In other words, Happy Korean New Year!
(And yeah, they got it from the Chinese. Whatever.)
Me, I’m stuffed with rice cake and dumpling soup, and am now having having a nice Leffe Blond, which brings back memories of Montréal. (Not my favorite beer, now, as it was then, but then, it was my first beer, followed by Sleeman’s Honey Brown Lager, Guinness, Harp, and whatever else I could afford. It took till my second year in Montreal to arrive at beer; the first year was taken up with red wine.
Which is to segue gracelessly to the fact that this year, besides writing and work, I have myself a couple of projects. The first is to make the best use (not to say most frequent use, just best use) of my new bread machine. I used to spend all too much money on getting decent bread from places like Wood & Brick and another little place in Hongdae–I think it’s called Rosemont bakery?–but now I can make lovely breads — rye, whole wheat, buckwheat–at home for a fraction of the cost.
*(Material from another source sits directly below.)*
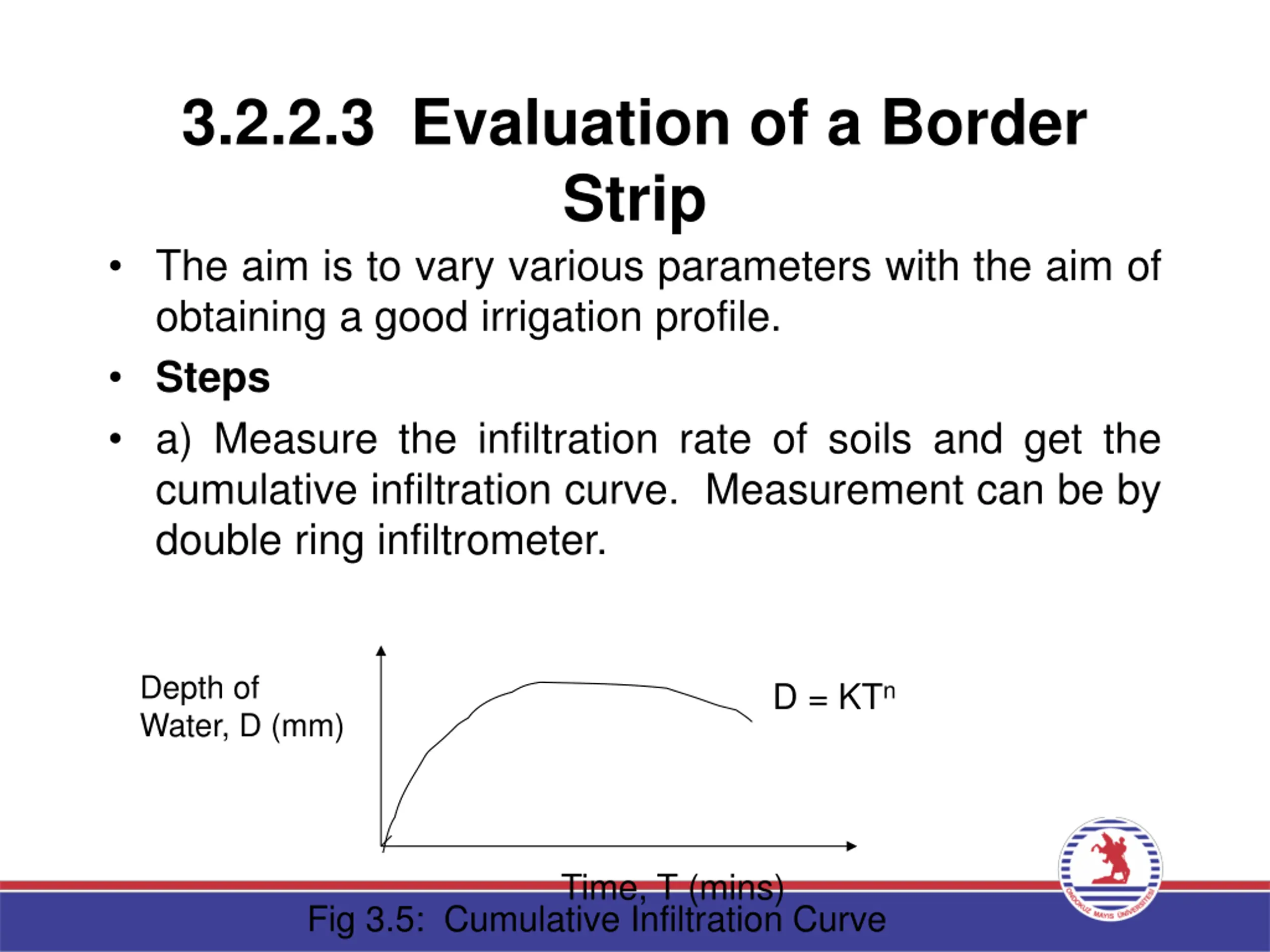 3.2.2.3 Evaluation of a Border Strip The aim is to vary various parameters with the aim of obtaining a good irrigation profile. Steps a) Measure the infiltration rate of soils and get the cumulative infiltration curve. Measurement can be by double ring infiltrometer. Depth of Water, D (mm) D = KTn Time, T (mins) Fig 3.5: Cumulative Infiltration Curve

(Yeah, buckwheat. I made some last night. It was actually Sourdough Buckwheat bread, but my “sourdough” was really just “sour dough”–some fermenty starter that probably was a bit too gone. The bread was, well, interesting at first, but mostly good.)
Which is good, because the other hobby I’ve decided I’m going to take up is homebrewing. I was scared off by the book I first got on the subject, Ray Daniels’ Designing Great Beers, but I found something more suited to my level–which is, absolutely, zero-level. As in, 1st edition “Treasure Hunt” module zero-level character: one hit point, crappy saving throws, and no skills beyond maybe a trade and a poorly spoken foreign language. What I found was the third edition of Charlie Papazian’s excellent The Complete Joy of Home Brewing, and after checking out the first few chapters I have to say I really like the man’s attitude, as he constantly repeats the phrase:
Relax, don’t worry, have a homebrew.
I aspire to the same relaxed, optimistic, even-keeled nature that Papazian demonstrates in his discussion of home brewing.
And I aspire to brew me some lovely beer in my empty(-ish) storage room. And what could be more encouraging than to stumble upon a blog devoted to that very subject, by a newish homebrewer in Korea? If you’re looking for information on supplies, techniques, internet sources, and much more, Homebrew Korea is without a doubt the site you want to visit. I’ll be checking in as I gather stuff to launch myself into this hobby.
People don’t post resolutions online for Lunar New Year, but I think that I just did the closest thing I have to personal resolutions for 2009. Suits me fine: I’m always a month behind anyway.